The environmental plaintiffs sued FWS because the Service had originally proposed to list the DSL as endangered under the ESA. After that proposal, FWS was presented new information about DSL range and abundance, and about conservation measures in place to protect the DSL and its habitat. Many of these voluntary conservation measures were implemented by IPAA members before the proposed rule or significantly expanded by the participation of IPAA members following the publication of the proposed rule. Indeed, by the time FWS was set to make the final listing determination, IPAA members helped secure protections for over 85% percent of DSL habitat. Because potential habitat fragmentation and degradation were the only real potential threats to the DSL, FWS had little choice but to determine that the DSL was no longer endangered and to withdraw its initial proposed listing.
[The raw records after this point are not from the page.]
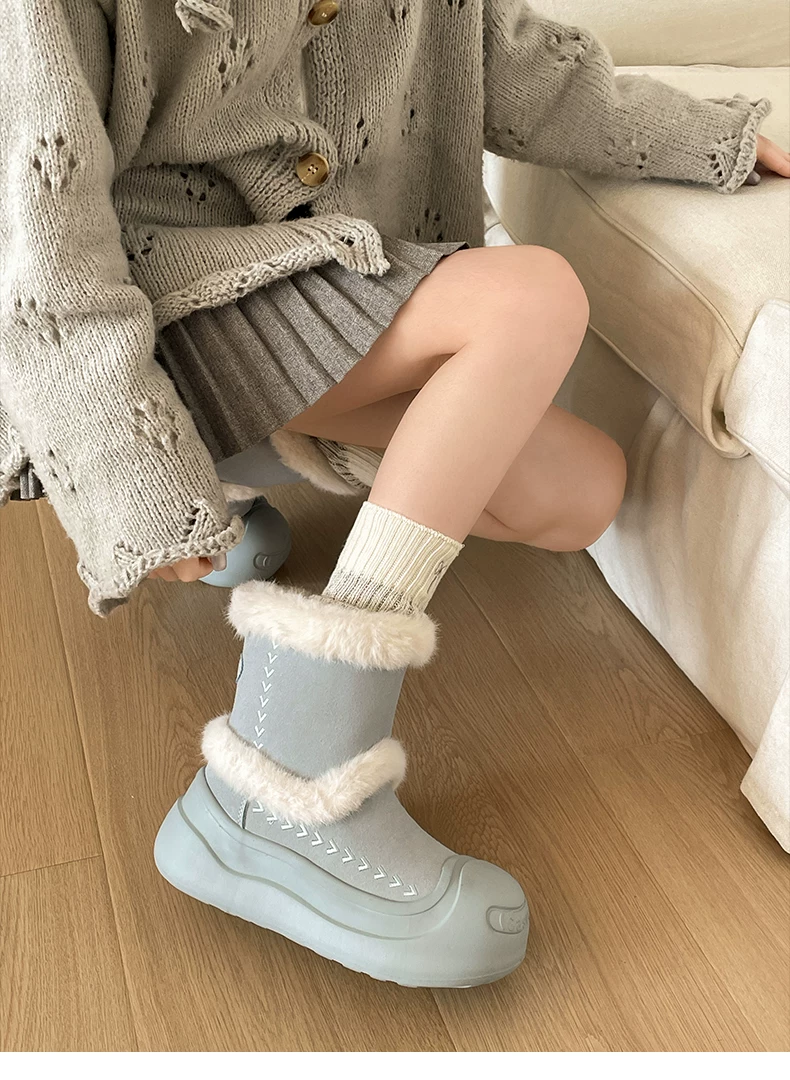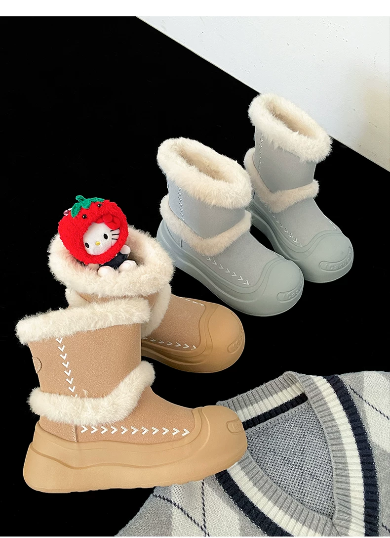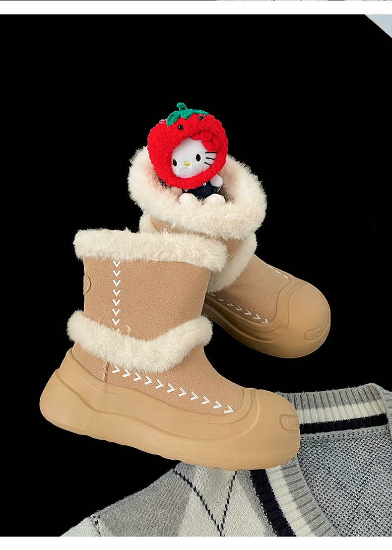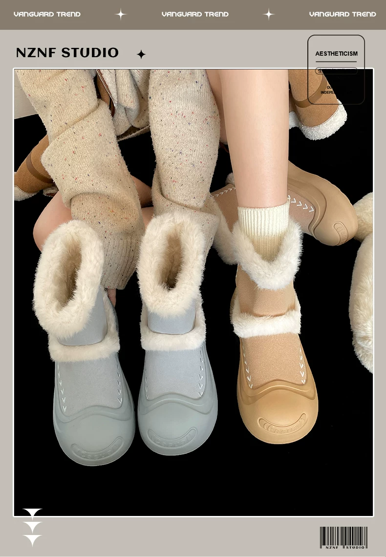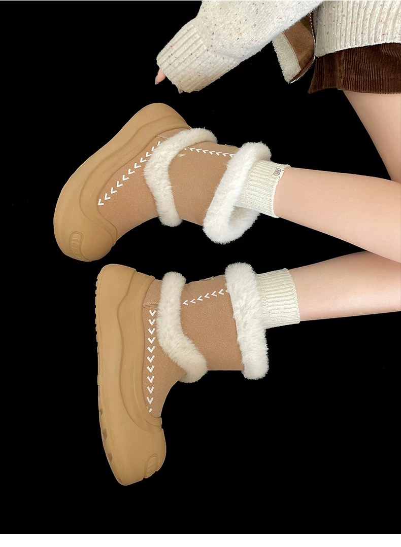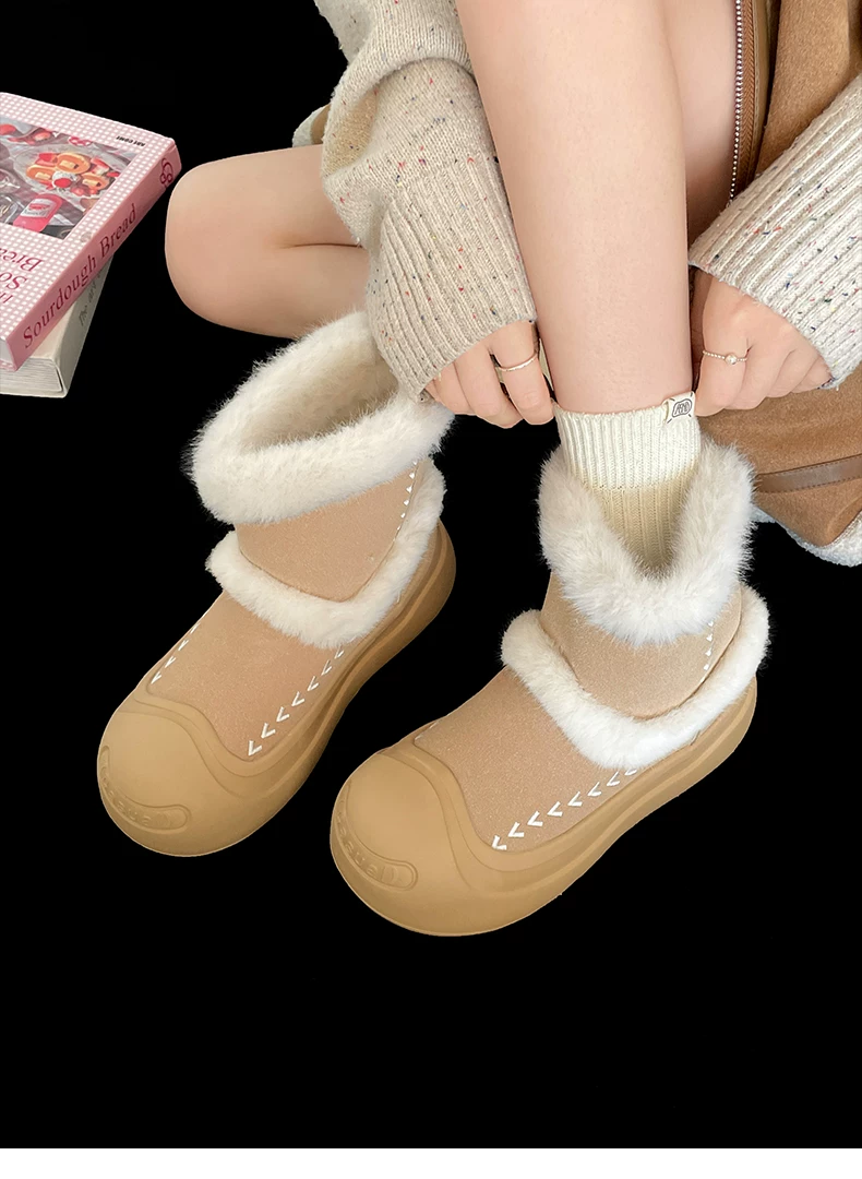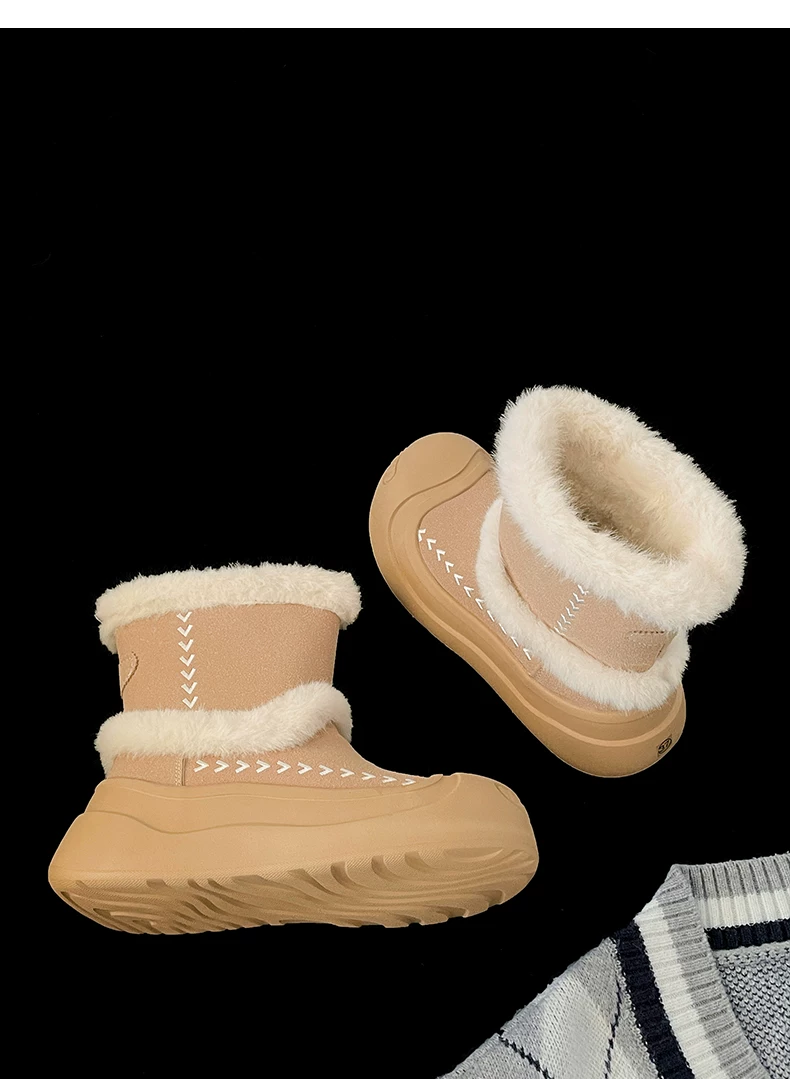 - Giày bốt tuyết đế dày lót lông cừu kiểu cổ điển Nam Trung Quốc dành cho nữ 2025 Mẫu mới mùa đông ấm áp chống trơn trượt Giày bông Đông Bắc
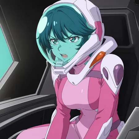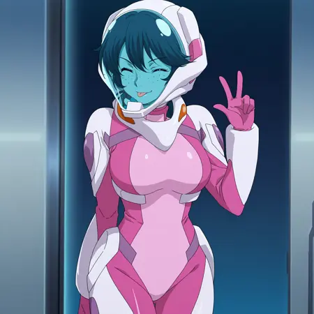 NenaTrinity, freckles, large breasts, pink pilot suit, (helmet, aqua lens:1.5)
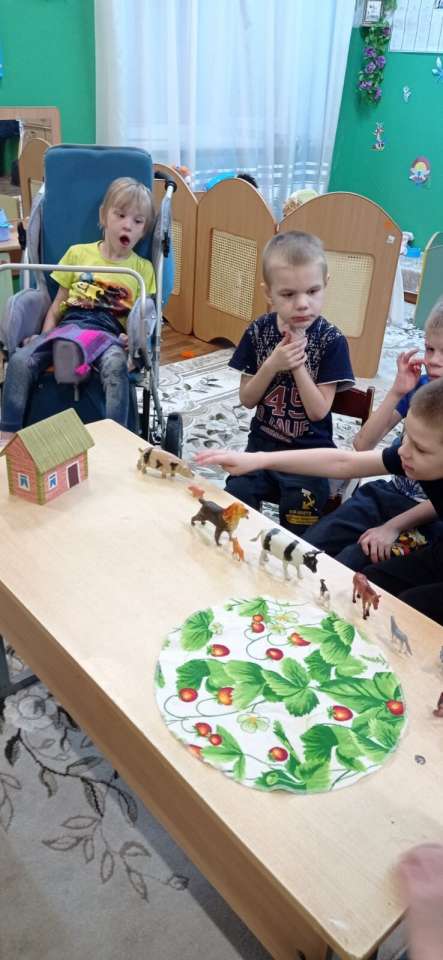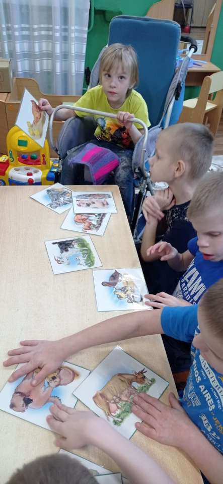 Воспитатель Наумова С.В. с ребятами группы манеж провела дидактическую игру "Потерялись". Воспитателем была создана игровая ситуация, в которой детёныши животных потерялись и мамы ищут своих детей. Дети помогли найти детёнышей, рассмотрели картинки, закрепили названия животных и их детёнышей. Она учила детей соотносить взрослое животное и его детёныша.
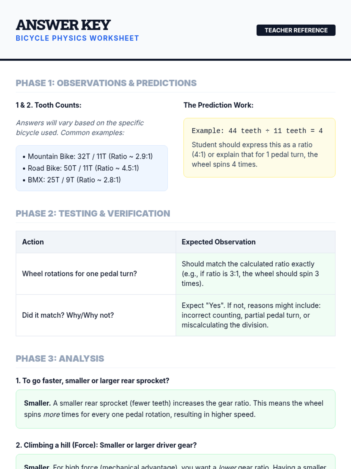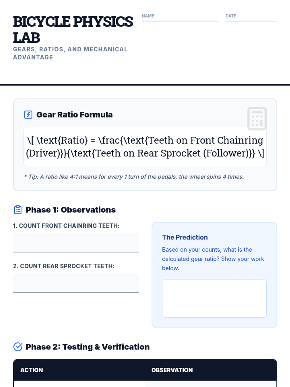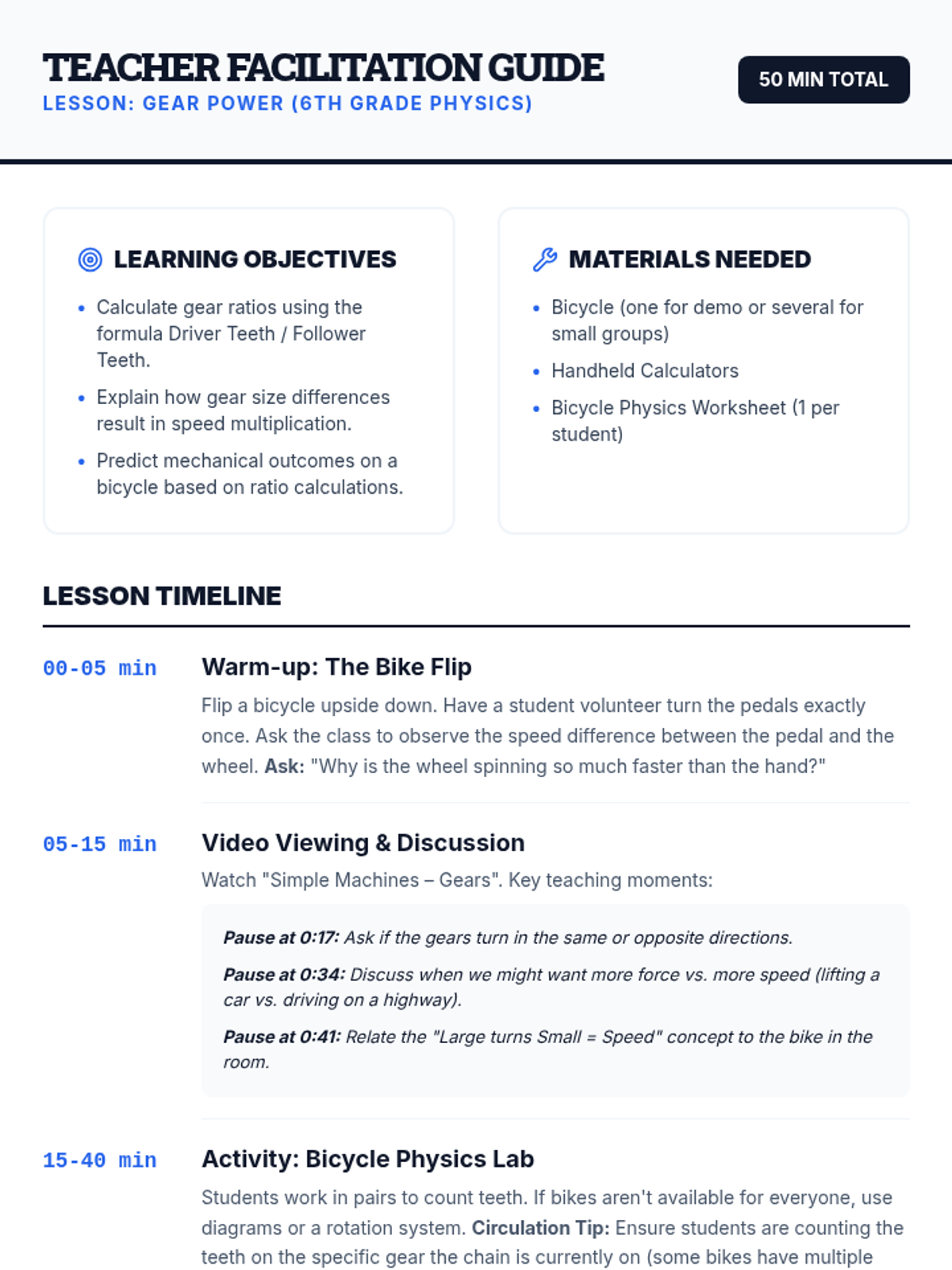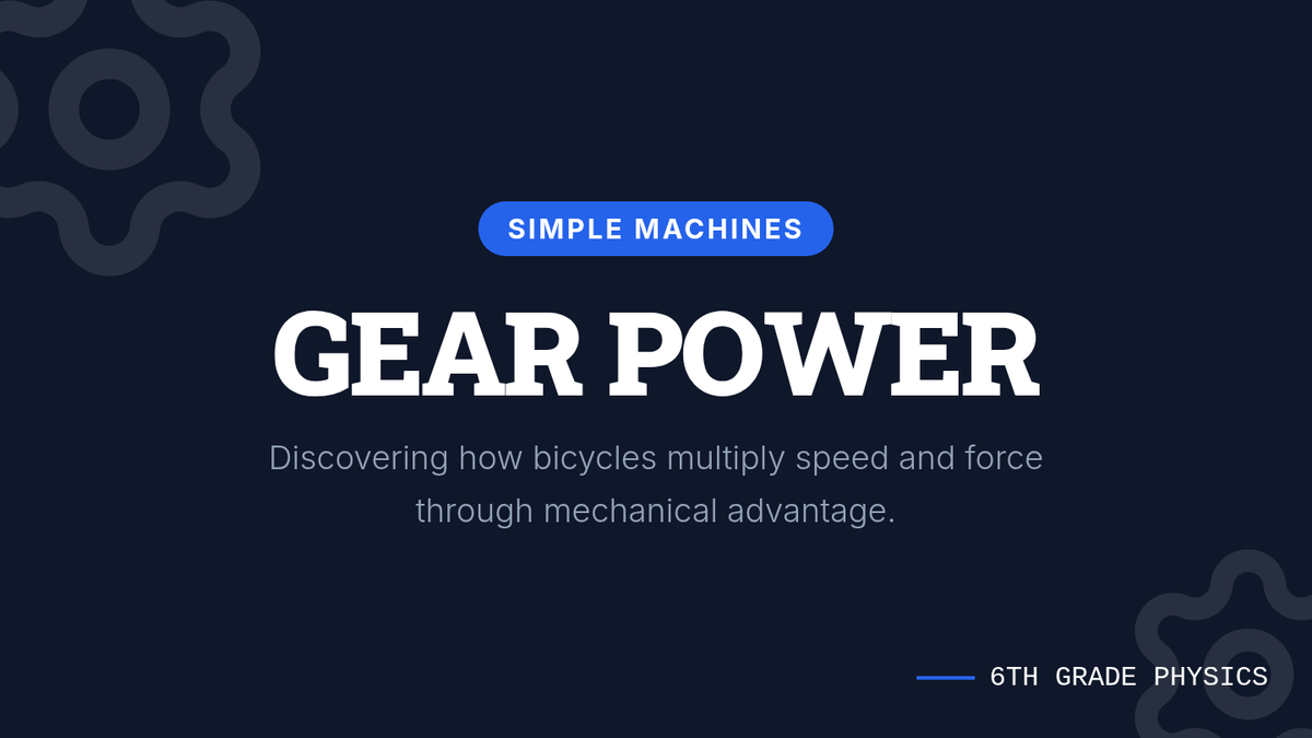 Students explore the mechanical advantage of gears through bicycle mechanics, focusing on how gear ratios multiply speed and force. They will calculate ratios using tooth counts and observe these principles in action using a physical bicycle and instructional video.
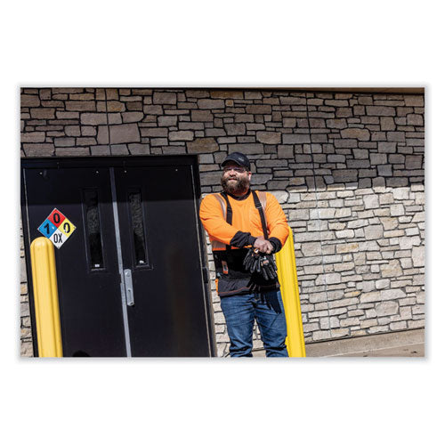 Class 2 black front performance T-shirt made of lightweight birdseye knit paired with 3M Scotchlite Comfort Trim. Moisture wicking treatment and armpit vents keep the user cool and dry. 30+ UPF for protection against harmful UV. An outside chest pocket to keep small items accessible. Black front, sleeves and collar hide dirt and wear.
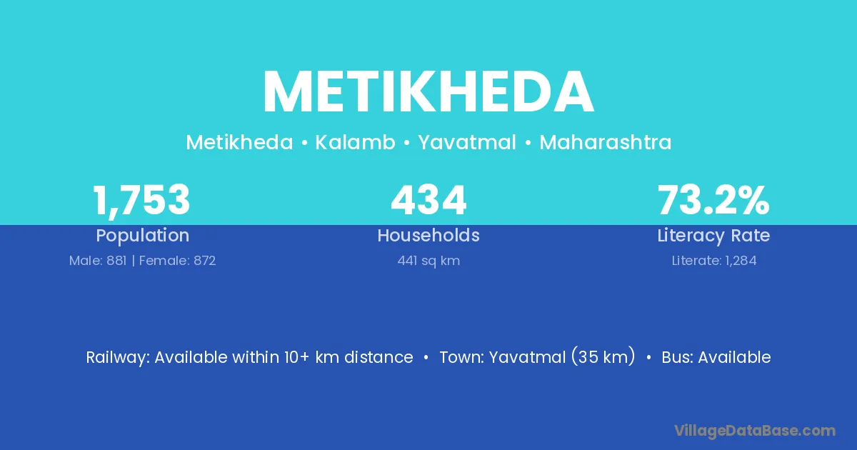Yavatmal (35 km) is the nearest town to Metikheda village for major economic activities and is located approximately 35 km away.
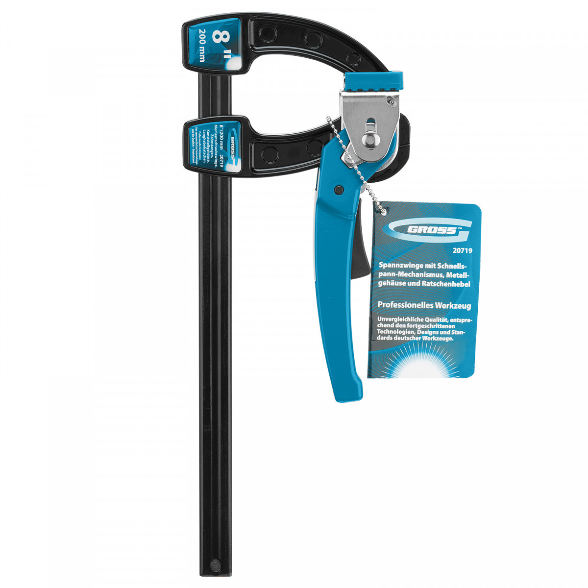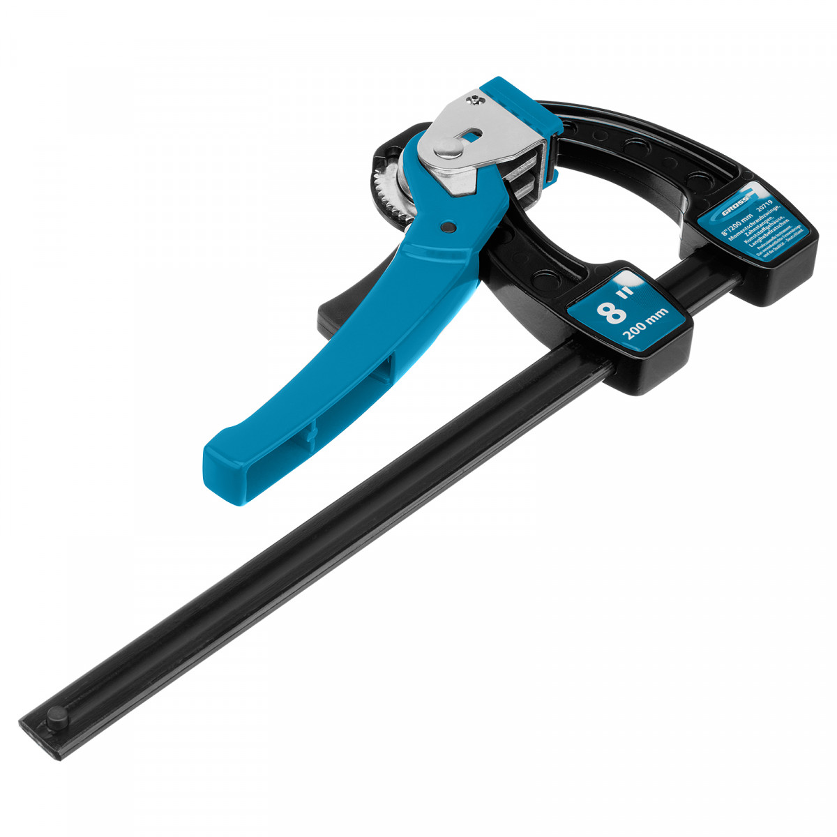 Струбцина реечная быстрозажимная 8, металлический корпус, рычажный храповой механизм, 200 мм Gross
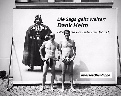 Das Foto zeigt zwei Aktivisten von Wege Held beim Nationalen Radverkehrskongress in Potsdam
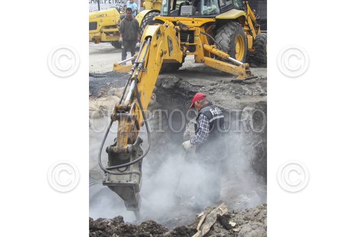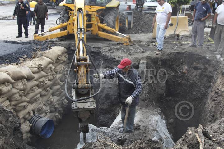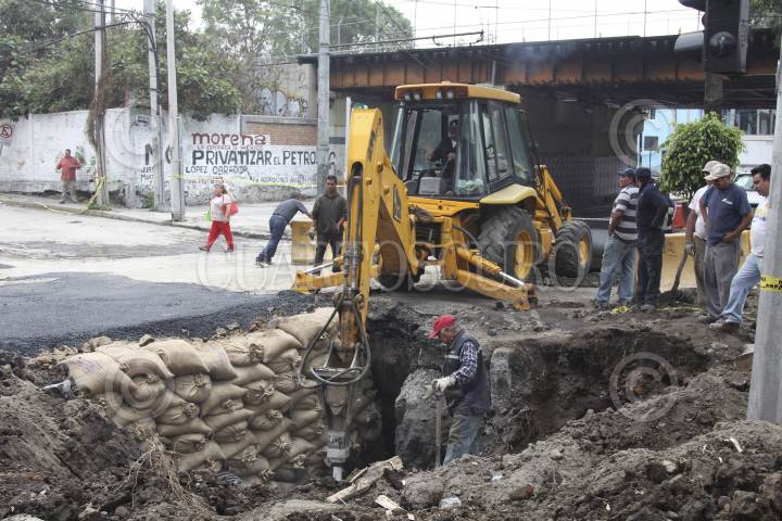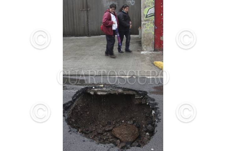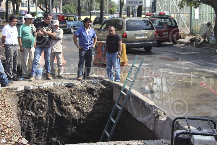 MÉXICO D.F., 26MAYO2014.- Trabajadores del sistema de aguas de la Ciudad de de México, reparan el boquete que se abrió en el cruce de las avenidas Cuitlahuac y Ferrocarril Central en la delegación Azcapotzalco. FOTO: SAÚL LÓPEZ /CUARTOSCURO.COM

The environmental plaintiffs, however, argued that the withdrawal was illegal and inconsistent with the ESA and the Administrative Procedure Act because it relied on voluntary conservation plans that were uncertain to be implemented and effective. The brief filed by IPAA and its coalition explained how these voluntary measures imparted meaningful protections to the DSL and its habitat. We explained in great detail how these voluntary conservation programs were both comprehensive and structured to provide measurable benefits to the DSL and its habitat. Finally, IPAA’s brief explained why it was entirely proper for FWS to work with private landowners and the states in furtherance of conservation. Listing under the ESA is not the only means of protecting species – and in many ways it is a very poor way of protecting species, given that the majority of the conservation funds that would generally be provided to protect a species listed under the ESA are unfortunately diverted to defending lawsuits from the environmental plaintiffs. Industry’s conservation efforts on the DSL were effective and provided a high-profile example that working with states and industry can benefit conservation far better than command-and-control regulation through the ESA.
The environmental plaintiffs are understandably worried when the FWS allows effective alternatives to the statute that the plaintiffs have so effectively used to constrain development, but their concern is more about their own loss of leverage – not conservation. IPAA appropriately informed the court that FWS has ample discretion to consider industry’s voluntary efforts and, given the state of conservation and conservation budgets, the court should allow such discretion and encourage such efforts. This is an important fight – not just for the DSL, but for the future of voluntary conservation programs.
The environmental plaintiffs reply is due May 5, 2014. IPAA’s reply is due May 29, 2014.